Directeur de recherche au Centre Roland Mousnier, Olivier Grenouilleau est un spécialiste de l’histoire des traites. Dans l’ouvrage Qu’est-ce que l’esclavage ?, publié dans la collection « Folio Histoire », il cherche à définir l’esclavage, à déterminer ses principaux traits constitutifs, tout en revenant abondamment sur les rapports de ceux qu’il qualifie d’« hommes-frontières » avec leurs maîtres.
Qu’est-ce que l’esclavage ? n’est certainement pas dénué d’ambition. En quelque 400 pages (hors bibliographie), Olivier Grenouilleau livre une vision panoptique, très documentée, et transcontinentale, de l’esclavage. Ne cédant à aucune évidence, il s’échine à définir son objet d’étude et s’épanche longuement sur ce qui caractérise l’esclavagisme : l’altérité, les rapports de domination, le droit de possession d’autrui, l’utilité, un rapport de médiation vis-à-vis du monde… De la Grèce à Rome en passant par les Caraïbes, le Brésil ou les États-Unis, en citant Finley, Freyre ou Locke (mais jamais les esclaves eux-mêmes), l’auteur aborde de nombreux sujets liés à l’esclavage, dont les affranchissements (souvent intéressés et touchant avant tout les esclaves les moins dociles ou les plus intimes), les modes d’asservissement (guerre, dette, razzia, descendance, etc.), l’organisation sociale ou politique de cette institution ou encore les révoltes de ceux qui en souffrent.

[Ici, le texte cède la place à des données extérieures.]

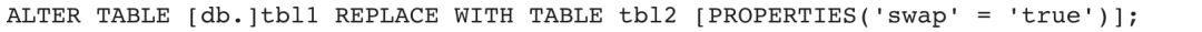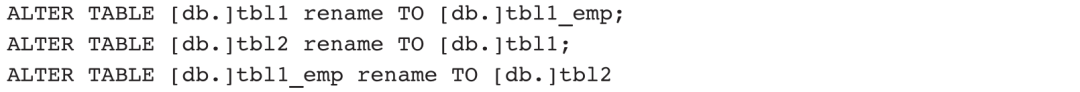 其中,swap参数默认为true。如果swap参数为true,执行语句后,tbl1表中的数据为tbl2表中的数据,tbl2表中的数据为tbl1表中的数据,即两张表中的数据发生了互换。如果swap参数为false,执行语句后,tbl1表中的数据为tbl2表中的数据,而tbl2表被删除。
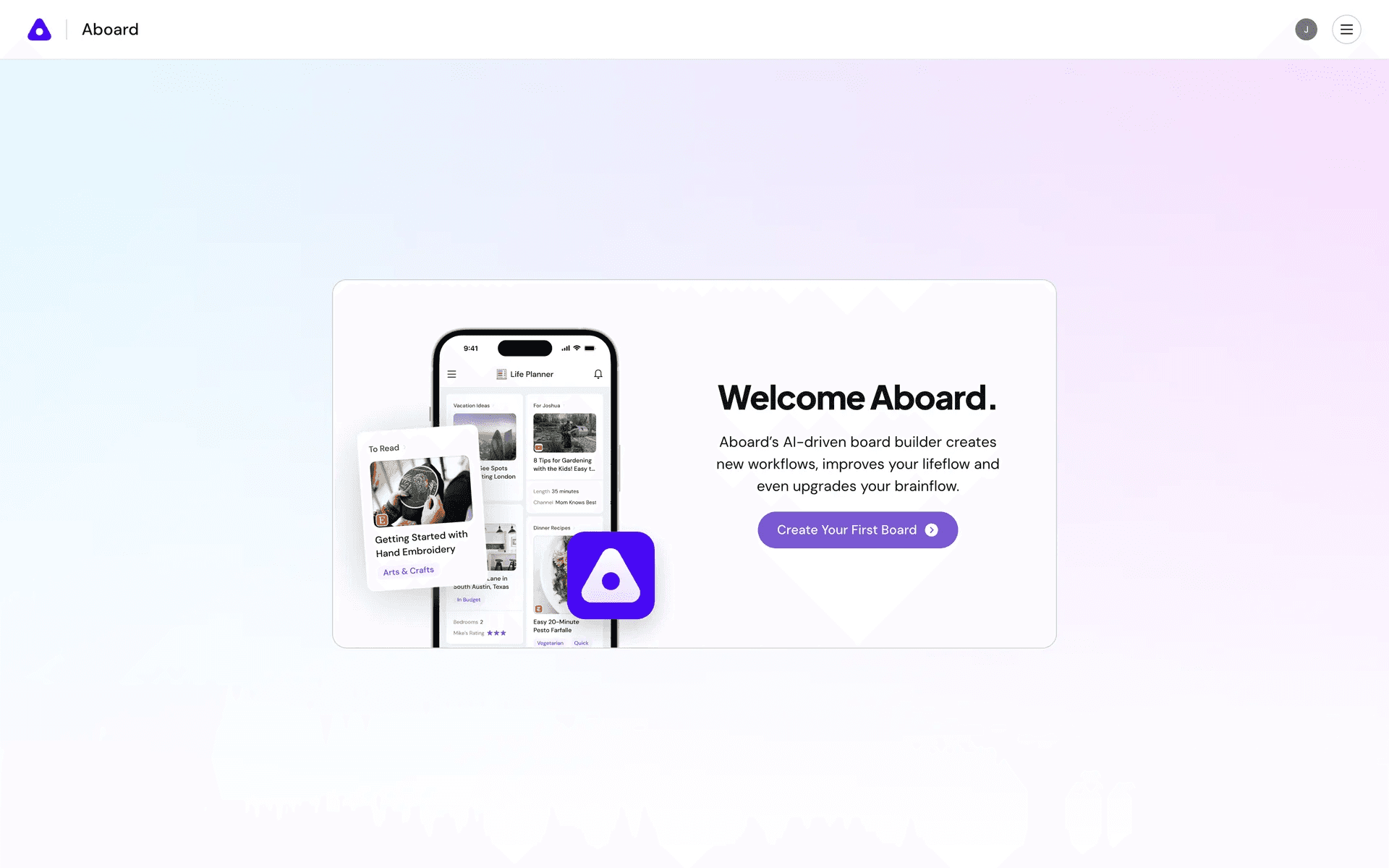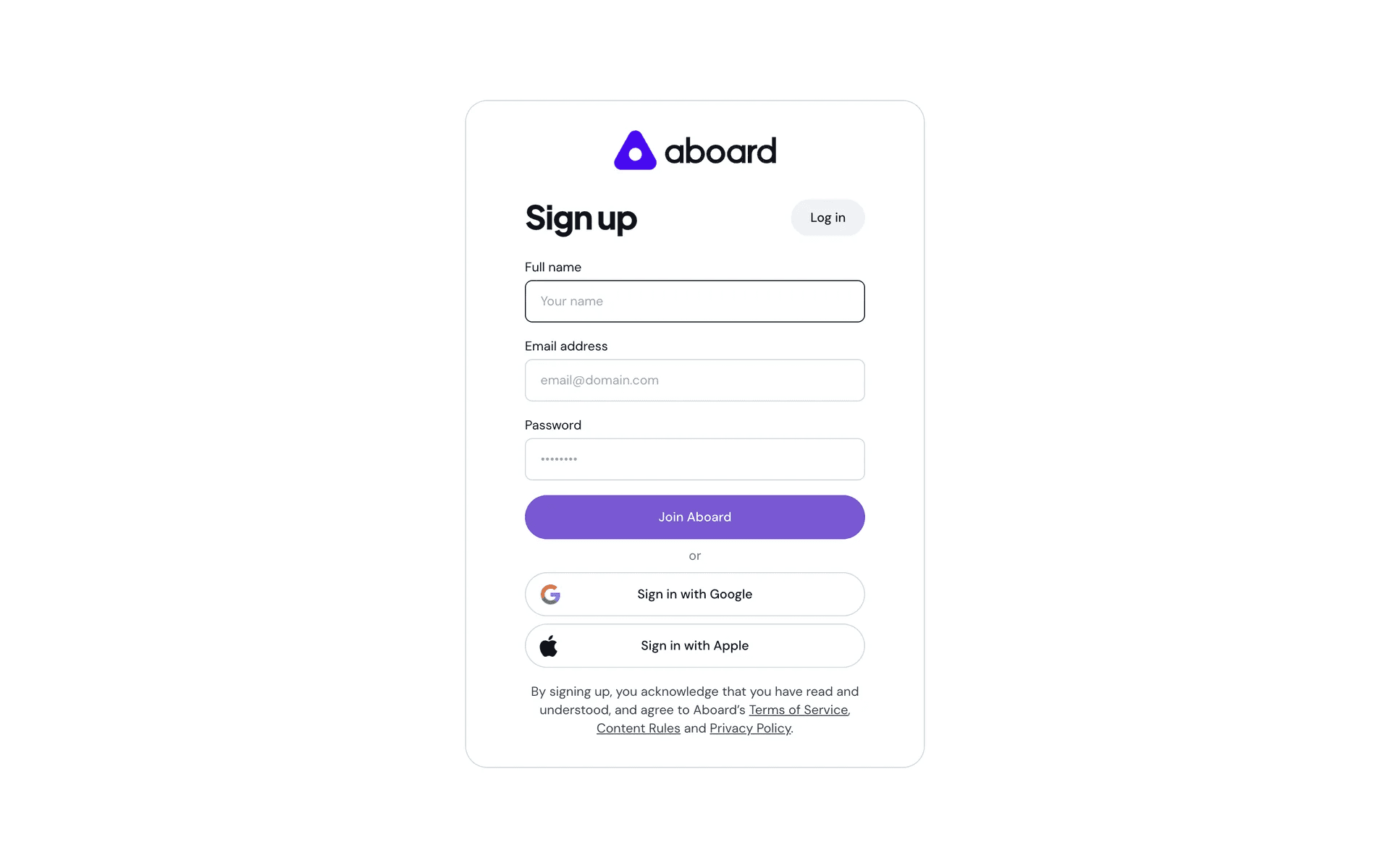 Aboard Holdings LLC helps users build custom business apps accelerated by AI. Its branding and interface designs primarily feature Electric Violet, Green, and White. Here on Mobbin, you can easily copy its colors in Hex, CMYK, RGB, and more.

Le principal intérêt de cet essai tient probablement au dépassement des généralités. Si un esclave se distingue par une utilité productive quasi tautologique, Olivier Grenouilleau rappelle également qu’il octroie à son maître une forme de puissance symbolique, voire qu’il peut être sollicité pour la reproduction sexuelle. Il revient aussi sur les perceptions erronées distinguant les esclaves domestiques de ceux des plantations, rappelant la dureté avec laquelle chacun pouvait être indifféremment traité. La traite transatlantique se fond dans une réflexion bien plus globale, qui replace par endroits l’esclave au centre d’un processus royal, militaire ou politique. Surtout, de bout en bout, et à travers trois parties qui se complètent parfaitement, Olivier Grenouilleau fait montre de ses capacités de vulgarisation et de synthèse. Qu’est-ce que l’esclavage ? se lit de manière fluide et demeure accessible à tout un chacun et ce, malgré le fait qu’il s’enrichisse de multiples références et qu’il s’intéresse aux hypothèses naturalistes, progressistes ou transitionnelles de l’institution esclavagiste.